### TASK DESCRIPTION
Output the exact lines that start at the one containing "포즈 믹서를 사용하면" and continue to the last line of the entries below; do not output pictures.

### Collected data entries
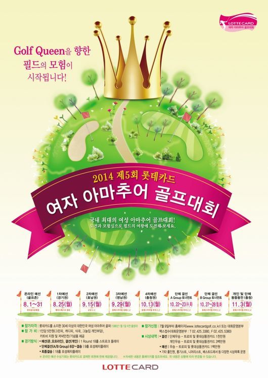 한편 '제5회 롯데카드 여자 아마추어 골프대회'는 온/오프라인을 결합한 대회이다. 오프라인에서 진행하는 예선은 대회 홈페이지 및 대회운영본부로 팩스를 통해 접수 가능하다. 오프라인 결선 단체 우승팀에게는 트로피 및 1000만 원 상당의 롯데상품권카드를 증정하고 개인 우승자에게는 트로피 및 롯데상품권카드 300만 원 등 푸짐한 상품을 제공한다.
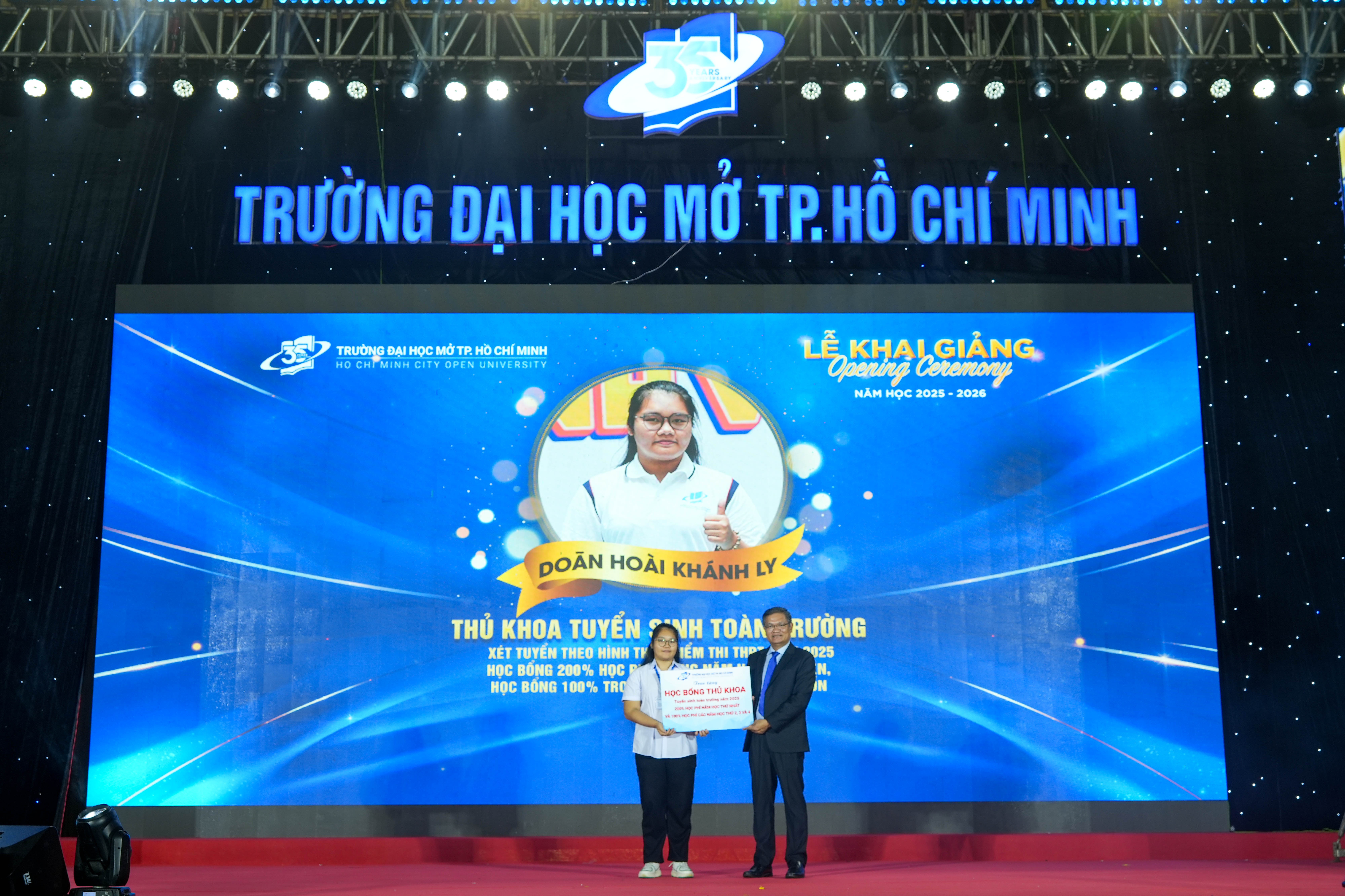 Bên cạnh đó, Đại học Mở TP.HCM còn trao 279 suất học bổng khuyến khích học tập cho tân sinh viên năm nhất, với các mức hỗ trợ tương ứng 100%, 70% và 50% học phí học kỳ một.
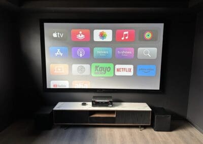 Connectivity and signal integrity are ensured by the use of 14 Gauge Terium speaker cabling and 8K Vanco HDMI cabling, guaranteeing that both audio and video signals are transmitted without loss or interference. Understanding that the best equipment requires expert tuning to perform at its peak, professional calibration was conducted upon installation. This process fine-tuned the audio and visual settings to match the room’s unique characteristics, ensuring optimal performance. To empower our clients, comprehensive customer training was provided, covering the operation of the home theatre system, maintenance tips, and best practices to maximise their enjoyment and the longevity of the system.
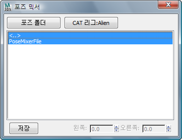 포즈 믹서를 사용하면 포즈를 저장한 다음 CATRig에 다시 로드할 수 있습니다. 포즈는 로드하는 중에 혼합될 수 있습니다.
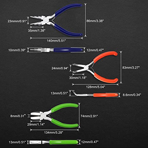 材質:高炭素鋼;サイズ:ジュエリークリンププライヤー:128 x 83 x 13mm / 5.04 x 3.27 x 0.51 '; 6 in 1ベイルメイキングプライヤー:140 x 86 x 10mm / 5.51 x 3.38 x 0.39';ナイロンノーズプライヤー:134 x 74 x 10mm / 5.28 x 2.19 x 0.39 ';注意:1。
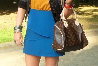 Hoy quiero hacer un guiño a esa tendencia con un little dress en azul klein y mostaza.

### ANSWER TO THIS PROBLEM
 포즈 믹서를 사용하면 포즈를 저장한 다음 CATRig에 다시 로드할 수 있습니다. 포즈는 로드하는 중에 혼합될 수 있습니다.
 材質:高炭素鋼;サイズ:ジュエリークリンププライヤー:128 x 83 x 13mm / 5.04 x 3.27 x 0.51 '; 6 in 1ベイルメイキングプライヤー:140 x 86 x 10mm / 5.51 x 3.38 x 0.39';ナイロンノーズプライヤー:134 x 74 x 10mm / 5.28 x 2.19 x 0.39 ';注意:1。
 Hoy quiero hacer un guiño a esa tendencia con un little dress en azul klein y mostaza.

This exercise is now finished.